Extracted data entries
........

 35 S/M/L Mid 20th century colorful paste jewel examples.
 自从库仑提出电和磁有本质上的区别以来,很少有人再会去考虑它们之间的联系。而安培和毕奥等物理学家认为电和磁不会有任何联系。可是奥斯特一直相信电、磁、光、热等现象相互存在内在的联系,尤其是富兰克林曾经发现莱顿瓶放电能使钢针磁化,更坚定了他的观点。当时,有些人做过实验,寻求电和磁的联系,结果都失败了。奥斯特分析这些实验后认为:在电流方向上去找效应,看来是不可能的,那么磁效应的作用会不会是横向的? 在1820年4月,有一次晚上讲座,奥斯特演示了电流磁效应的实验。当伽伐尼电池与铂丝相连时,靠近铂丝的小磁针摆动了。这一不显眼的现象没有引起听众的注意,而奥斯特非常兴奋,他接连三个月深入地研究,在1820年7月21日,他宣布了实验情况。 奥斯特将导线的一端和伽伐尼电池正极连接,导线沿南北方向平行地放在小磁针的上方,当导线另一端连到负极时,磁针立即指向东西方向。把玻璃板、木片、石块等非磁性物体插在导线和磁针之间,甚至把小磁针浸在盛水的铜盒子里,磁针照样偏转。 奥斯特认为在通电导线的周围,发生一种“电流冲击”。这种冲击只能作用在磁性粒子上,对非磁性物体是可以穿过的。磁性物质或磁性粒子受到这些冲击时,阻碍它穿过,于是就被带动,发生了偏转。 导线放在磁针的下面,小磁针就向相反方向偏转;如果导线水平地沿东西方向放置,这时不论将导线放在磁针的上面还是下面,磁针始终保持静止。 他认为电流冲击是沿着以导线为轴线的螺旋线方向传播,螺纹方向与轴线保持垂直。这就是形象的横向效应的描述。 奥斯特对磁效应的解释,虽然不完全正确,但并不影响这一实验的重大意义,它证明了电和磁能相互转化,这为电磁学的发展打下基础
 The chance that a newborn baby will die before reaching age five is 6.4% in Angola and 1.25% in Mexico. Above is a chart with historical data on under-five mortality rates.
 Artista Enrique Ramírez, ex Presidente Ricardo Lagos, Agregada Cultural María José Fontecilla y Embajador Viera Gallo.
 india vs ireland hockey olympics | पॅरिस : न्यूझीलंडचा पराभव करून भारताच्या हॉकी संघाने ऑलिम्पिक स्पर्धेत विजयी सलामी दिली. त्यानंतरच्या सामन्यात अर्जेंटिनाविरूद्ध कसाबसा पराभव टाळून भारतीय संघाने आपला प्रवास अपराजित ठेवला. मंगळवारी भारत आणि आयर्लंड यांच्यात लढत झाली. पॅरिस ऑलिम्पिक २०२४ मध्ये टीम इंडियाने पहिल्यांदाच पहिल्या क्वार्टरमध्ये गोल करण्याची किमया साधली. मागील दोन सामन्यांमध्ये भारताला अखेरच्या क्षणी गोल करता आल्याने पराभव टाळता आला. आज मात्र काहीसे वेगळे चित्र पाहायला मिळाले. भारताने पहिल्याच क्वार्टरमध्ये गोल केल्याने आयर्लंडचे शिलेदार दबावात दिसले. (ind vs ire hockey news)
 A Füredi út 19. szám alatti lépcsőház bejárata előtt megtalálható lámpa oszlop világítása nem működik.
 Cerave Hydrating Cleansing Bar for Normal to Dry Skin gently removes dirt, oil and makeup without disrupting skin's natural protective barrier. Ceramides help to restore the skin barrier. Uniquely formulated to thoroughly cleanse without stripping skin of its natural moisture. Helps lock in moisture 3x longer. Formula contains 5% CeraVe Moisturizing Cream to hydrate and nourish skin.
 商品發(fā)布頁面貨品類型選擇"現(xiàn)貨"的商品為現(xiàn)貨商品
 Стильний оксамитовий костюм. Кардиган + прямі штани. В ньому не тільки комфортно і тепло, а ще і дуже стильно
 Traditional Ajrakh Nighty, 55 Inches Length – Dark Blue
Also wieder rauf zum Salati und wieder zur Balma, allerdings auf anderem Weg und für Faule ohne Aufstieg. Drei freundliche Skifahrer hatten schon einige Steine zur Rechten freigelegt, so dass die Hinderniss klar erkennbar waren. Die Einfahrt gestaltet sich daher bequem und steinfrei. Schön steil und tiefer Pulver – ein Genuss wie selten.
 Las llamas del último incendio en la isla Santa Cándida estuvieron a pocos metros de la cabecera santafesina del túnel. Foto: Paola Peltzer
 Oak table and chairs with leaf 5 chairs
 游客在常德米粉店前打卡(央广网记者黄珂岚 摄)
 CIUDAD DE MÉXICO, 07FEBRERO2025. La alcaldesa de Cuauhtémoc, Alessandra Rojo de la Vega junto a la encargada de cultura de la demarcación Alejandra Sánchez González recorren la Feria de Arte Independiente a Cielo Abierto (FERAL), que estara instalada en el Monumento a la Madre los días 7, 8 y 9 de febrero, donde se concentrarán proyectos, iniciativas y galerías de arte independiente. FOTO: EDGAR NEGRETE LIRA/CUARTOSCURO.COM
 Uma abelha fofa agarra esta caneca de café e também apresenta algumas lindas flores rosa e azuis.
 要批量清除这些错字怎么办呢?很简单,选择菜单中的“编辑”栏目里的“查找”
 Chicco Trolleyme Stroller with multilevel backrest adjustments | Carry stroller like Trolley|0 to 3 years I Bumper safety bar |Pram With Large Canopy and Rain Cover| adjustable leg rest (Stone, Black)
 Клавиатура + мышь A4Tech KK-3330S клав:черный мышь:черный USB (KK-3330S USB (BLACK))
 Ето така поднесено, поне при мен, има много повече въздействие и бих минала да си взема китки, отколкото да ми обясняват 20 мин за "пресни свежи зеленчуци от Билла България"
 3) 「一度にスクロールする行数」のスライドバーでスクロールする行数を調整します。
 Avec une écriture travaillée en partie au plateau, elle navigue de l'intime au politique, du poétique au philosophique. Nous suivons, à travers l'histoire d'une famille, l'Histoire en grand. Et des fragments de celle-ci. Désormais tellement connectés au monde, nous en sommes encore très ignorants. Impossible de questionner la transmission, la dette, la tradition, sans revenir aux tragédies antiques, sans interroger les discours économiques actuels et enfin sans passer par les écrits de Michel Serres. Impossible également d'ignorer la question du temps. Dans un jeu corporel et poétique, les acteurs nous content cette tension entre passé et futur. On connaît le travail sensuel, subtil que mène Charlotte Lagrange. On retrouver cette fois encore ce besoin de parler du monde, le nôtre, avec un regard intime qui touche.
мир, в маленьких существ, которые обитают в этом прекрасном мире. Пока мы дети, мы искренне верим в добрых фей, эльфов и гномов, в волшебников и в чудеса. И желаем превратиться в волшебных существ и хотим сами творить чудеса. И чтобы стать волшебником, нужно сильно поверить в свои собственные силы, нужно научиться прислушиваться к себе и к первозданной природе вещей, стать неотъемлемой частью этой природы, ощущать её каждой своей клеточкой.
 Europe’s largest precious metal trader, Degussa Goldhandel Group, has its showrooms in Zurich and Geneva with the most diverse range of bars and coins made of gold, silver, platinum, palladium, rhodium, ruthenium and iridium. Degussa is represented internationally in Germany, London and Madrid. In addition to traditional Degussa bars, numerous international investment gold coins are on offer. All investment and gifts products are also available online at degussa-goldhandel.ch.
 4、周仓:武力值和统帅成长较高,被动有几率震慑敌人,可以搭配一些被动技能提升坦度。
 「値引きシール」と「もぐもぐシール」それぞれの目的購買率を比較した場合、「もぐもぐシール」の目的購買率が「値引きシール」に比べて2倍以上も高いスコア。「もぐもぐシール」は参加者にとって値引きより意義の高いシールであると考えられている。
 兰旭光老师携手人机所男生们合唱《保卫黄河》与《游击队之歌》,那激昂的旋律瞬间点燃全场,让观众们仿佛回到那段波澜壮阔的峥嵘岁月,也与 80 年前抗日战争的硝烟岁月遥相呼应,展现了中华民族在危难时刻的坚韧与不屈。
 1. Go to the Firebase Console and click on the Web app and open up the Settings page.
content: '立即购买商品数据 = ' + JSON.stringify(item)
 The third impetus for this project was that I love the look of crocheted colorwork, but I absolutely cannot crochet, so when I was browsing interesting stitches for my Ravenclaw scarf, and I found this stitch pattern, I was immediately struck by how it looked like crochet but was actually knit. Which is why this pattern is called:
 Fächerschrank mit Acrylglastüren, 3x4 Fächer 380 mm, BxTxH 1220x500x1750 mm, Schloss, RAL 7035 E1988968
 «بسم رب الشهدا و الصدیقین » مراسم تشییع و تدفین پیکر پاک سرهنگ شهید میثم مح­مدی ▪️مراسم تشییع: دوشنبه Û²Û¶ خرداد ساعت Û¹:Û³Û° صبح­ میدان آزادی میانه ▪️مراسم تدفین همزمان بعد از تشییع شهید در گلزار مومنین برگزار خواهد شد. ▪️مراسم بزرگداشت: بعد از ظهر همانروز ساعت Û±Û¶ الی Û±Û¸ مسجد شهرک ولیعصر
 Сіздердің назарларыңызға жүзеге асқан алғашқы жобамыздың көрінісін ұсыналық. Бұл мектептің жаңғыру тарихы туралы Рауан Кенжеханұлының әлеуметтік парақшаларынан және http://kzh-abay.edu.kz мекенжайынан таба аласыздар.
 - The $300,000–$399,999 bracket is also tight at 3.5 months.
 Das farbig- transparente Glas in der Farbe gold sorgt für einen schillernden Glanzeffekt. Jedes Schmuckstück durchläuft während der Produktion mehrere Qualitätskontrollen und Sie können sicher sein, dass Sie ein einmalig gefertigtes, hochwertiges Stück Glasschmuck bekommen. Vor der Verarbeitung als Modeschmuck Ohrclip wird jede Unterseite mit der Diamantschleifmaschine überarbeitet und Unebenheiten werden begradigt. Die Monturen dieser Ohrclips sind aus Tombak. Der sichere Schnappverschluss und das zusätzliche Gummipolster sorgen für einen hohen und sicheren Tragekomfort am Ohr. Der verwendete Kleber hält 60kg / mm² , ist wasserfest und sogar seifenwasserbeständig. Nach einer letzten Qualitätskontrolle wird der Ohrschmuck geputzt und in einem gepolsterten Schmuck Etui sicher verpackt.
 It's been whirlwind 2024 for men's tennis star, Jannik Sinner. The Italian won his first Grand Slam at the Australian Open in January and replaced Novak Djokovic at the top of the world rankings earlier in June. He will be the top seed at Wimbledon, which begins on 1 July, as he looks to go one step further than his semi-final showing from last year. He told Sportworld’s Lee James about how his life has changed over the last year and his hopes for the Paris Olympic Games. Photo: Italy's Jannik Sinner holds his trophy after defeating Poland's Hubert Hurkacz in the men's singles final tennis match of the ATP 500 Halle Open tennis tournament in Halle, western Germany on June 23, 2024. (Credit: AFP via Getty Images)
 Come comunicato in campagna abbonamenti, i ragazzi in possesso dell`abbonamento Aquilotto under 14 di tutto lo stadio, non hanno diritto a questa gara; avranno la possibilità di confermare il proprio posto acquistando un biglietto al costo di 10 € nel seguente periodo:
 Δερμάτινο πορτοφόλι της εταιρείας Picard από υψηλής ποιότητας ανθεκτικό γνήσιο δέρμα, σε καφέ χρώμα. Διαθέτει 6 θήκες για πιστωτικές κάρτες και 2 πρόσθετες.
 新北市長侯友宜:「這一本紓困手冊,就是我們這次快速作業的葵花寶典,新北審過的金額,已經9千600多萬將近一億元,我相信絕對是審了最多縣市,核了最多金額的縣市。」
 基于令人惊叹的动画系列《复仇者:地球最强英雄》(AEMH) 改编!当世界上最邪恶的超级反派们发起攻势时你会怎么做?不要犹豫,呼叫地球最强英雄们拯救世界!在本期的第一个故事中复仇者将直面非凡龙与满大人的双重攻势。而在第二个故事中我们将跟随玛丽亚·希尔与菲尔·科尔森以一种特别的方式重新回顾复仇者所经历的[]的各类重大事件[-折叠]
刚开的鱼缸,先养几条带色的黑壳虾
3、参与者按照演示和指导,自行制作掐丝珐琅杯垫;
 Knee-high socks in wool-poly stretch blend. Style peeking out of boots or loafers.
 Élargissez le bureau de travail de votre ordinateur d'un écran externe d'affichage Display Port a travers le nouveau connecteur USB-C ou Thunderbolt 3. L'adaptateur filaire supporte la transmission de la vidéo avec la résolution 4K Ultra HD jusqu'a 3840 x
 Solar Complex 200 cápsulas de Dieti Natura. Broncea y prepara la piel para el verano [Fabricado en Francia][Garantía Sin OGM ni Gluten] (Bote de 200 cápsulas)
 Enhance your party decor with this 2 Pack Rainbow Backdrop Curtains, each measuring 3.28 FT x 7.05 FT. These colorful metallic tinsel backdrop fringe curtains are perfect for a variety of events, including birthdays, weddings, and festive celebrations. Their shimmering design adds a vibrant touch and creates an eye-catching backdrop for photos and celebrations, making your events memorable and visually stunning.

........

◆ **Work to complete**
Above are the records. Copy the lines beginning at the one that has "It's been whirlwind" and ending with the one that has "Δερμάτινο πορτοφόλι της", unchanged.

◆ **Your solution**
 It's been whirlwind 2024 for men's tennis star, Jannik Sinner. The Italian won his first Grand Slam at the Australian Open in January and replaced Novak Djokovic at the top of the world rankings earlier in June. He will be the top seed at Wimbledon, which begins on 1 July, as he looks to go one step further than his semi-final showing from last year. He told Sportworld’s Lee James about how his life has changed over the last year and his hopes for the Paris Olympic Games. Photo: Italy's Jannik Sinner holds his trophy after defeating Poland's Hubert Hurkacz in the men's singles final tennis match of the ATP 500 Halle Open tennis tournament in Halle, western Germany on June 23, 2024. (Credit: AFP via Getty Images)
 Come comunicato in campagna abbonamenti, i ragazzi in possesso dell`abbonamento Aquilotto under 14 di tutto lo stadio, non hanno diritto a questa gara; avranno la possibilità di confermare il proprio posto acquistando un biglietto al costo di 10 € nel seguente periodo:
 Δερμάτινο πορτοφόλι της εταιρείας Picard από υψηλής ποιότητας ανθεκτικό γνήσιο δέρμα, σε καφέ χρώμα. Διαθέτει 6 θήκες για πιστωτικές κάρτες και 2 πρόσθετες.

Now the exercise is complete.